Wednesday, October 10, 2007

Hong Kong: A similar story but very complex

During my stay in Hong Kong I have visited the Hong Kong International School and the Hong Kong University (HKU). Doctor Lai from the HKU Geography Department has been involved in encouraging schools to use GIS in their geography teaching since 1999. Her comments on the situation mirrors much of what has been happening with GIS implementation in Australia but naturally more complex because of issues of population size, the role of vendors and language barriers. More on that in a minute. Firstly some quick comments on my visit to the Hong Kong International School on Monday, October 9th.

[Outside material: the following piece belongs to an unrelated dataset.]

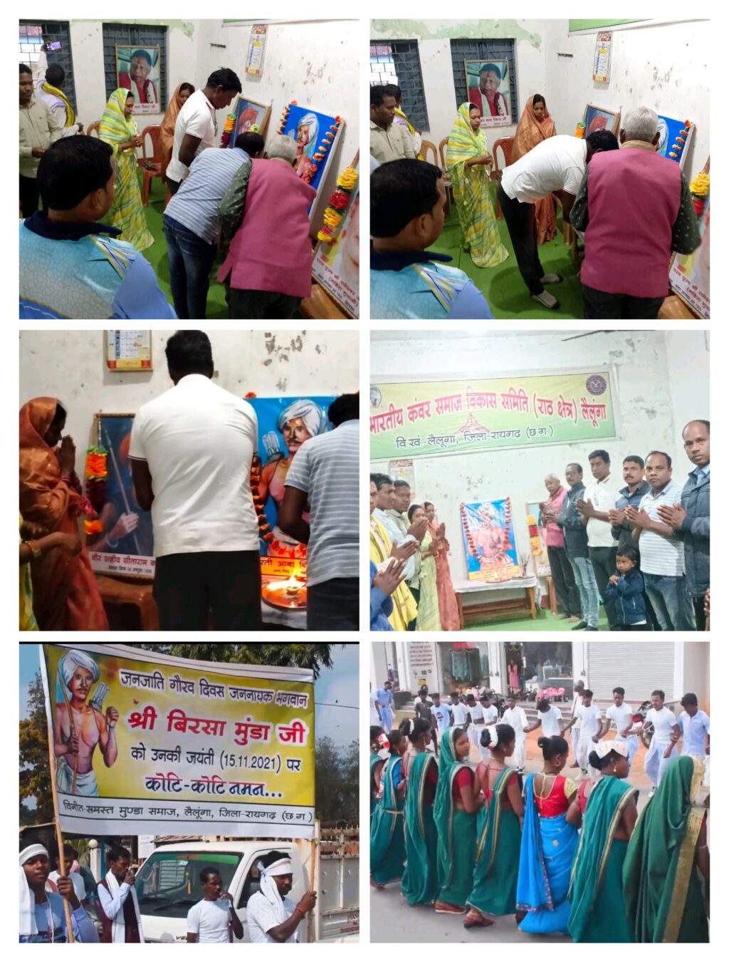 नगर में बिरसा मुंडा जयंती के अवसर पर शानदार आयोजन मुंडा समाज लैलूंगा के द्वारा हर वर्ष की भांति इस वर्ष भी किया गया। नगर में भव्य शोभायात्रा निकाली गयी एवं नगर भ्रमण के पश्चात कार्यक्रम स्थल पर भव्य सुसज्जित बिरसा मुंडा की तस्वीर पर पुष्पांजलि अर्पित की गयी।

On a previous visit to Hong Kong I made the acquaintance of Pauline Bunce a Geography teacher from Perth who teachers at the Hong Kong International School. Pauline is keen to embark on the GIS learning and implementation curve but as yet HKIS has not got GIS up and running. When she knew I was coming to Hong Kong Pauline asked if I would run a session with students showing them the applications and potential of GIS. So first thing on Tuesday morning I went out to HKIS to meet Pauline and her students. The sessions with the students were enjoyable but what did strike me was the resources and atmosphere in the school. It certainly was a different world, with coffee shops, refectory, full size pool, data projectors in the classrooms, incredible gymnasiums and an amazing view over the harbour from the classroom windows. A few photos from around the school are above.

Although not answering any of my project questions it did confirm to me that the implementation of spatial technology is not just about resources. Here is a school with all the 'bells and whistles' providing a great education for its students but the GIS learning curve is still to be negotiated. Implementation needs are really about teacher awareness and willingness to embrace the technology and its worth. Those in the know are convinced of its worth and in many cases presume all others are equally up to date with this societal and all-pervasive technological tool in our society. That certainly seems to be not the case with teachers around the world. Already on my trip I am hearing the same comments relating to the difficulty of teachers embracing the technology. Furthermore in many cases students are aware of the technology and indeed use it but are not aware of it societal use and application. It also seems that students are also not aware of how the technology can enhance their learning in a range of subjects. The trip to HKIS was an eye opener to how schools can be resourced and also confirmed my belief that the work ahead with implementation is to convince teachers and administrators in schools of the worth of spatial technology in the school setting. As I was to find out the next day, in Hong Kong they actually now have curriculum and resource support from the Hong Kong Education Bureau in real terms. However, as is the case in Australia many teachers are still needing to embrace the technology as something not only desirable but essential to the teaching of geography in the 21st Century.
Thanks to Pauline Bunce and the Hong Kong International School for having me visit and meet their students.